But most Ukrainians disagree. They prefer tangible benefits to renewed tensions with Russia. Consider some recent polling results:

According to a survey conducted by the Social Monitoring Center in 24 regions of Ukraine on December 5-15, 2012, 46% of Ukrainians support the country's accession to the Customs Union while 35% of respondents think that Ukraine should sign on to the FTA. Nineteen percent were undecided.

Among those who have made up their minds on the issue, 57% support joining the Customs Union; 43% say Ukraine should sign the FTA.

Similarly, Kiev-based Research & Branding conducted a survey entitled -- "Which Corresponds More to the Interests of Ukraine: the EU or the CU?"

It shows that support for the EU has declined from 37% in 2011 to 33% in 2012, whereas support fro the CU has grown from 36% to 39% in 2012.

It is clear that the European Union's insistence on the mutual exclusivity of the FTA and the CU stems not from economics but from geopolitics. That seemed to be the import of Russian Foreign Minister Sergei Lavrov's recent sharp response to Mr. Brok's remarks. He pointed out that the CU and the FTA are fundamentally compatible as both countries are members of the WTO and adhere to its rules and regulations. Prime Minister Azarov has staked out a similar position.

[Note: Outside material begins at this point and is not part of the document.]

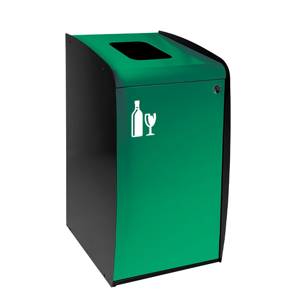 Housing and lid from powder-coated steel; “Door” version: opening by frontal door; galvanised steel wire inner heel holder; lock with triangular key; opening by upper door; ideal to create recycling stands; 4 height-adjustable feet; four wheels Ø 40 mm as option (2 wheels with break); as option, PVC stickers for waste sorting.

The EU sees it otherwise, at least for now. Brussels's efforts to steer Ukraine away from the Customs Union is clearly influenced by outgoing US Secretary of State Hillary Clinton's recent declaration that the US, as a matter of policy, seeks to thwart Moscow's plans to forge a common Eurasian Economic Space of which the CU is the foundation. Let's hope Senator John Kerry, recently nominated to replace Mrs. Clinton, reverses her position, which has nothing to do with American national interests -- and in many respects contradicts them. But that is a subject for another time.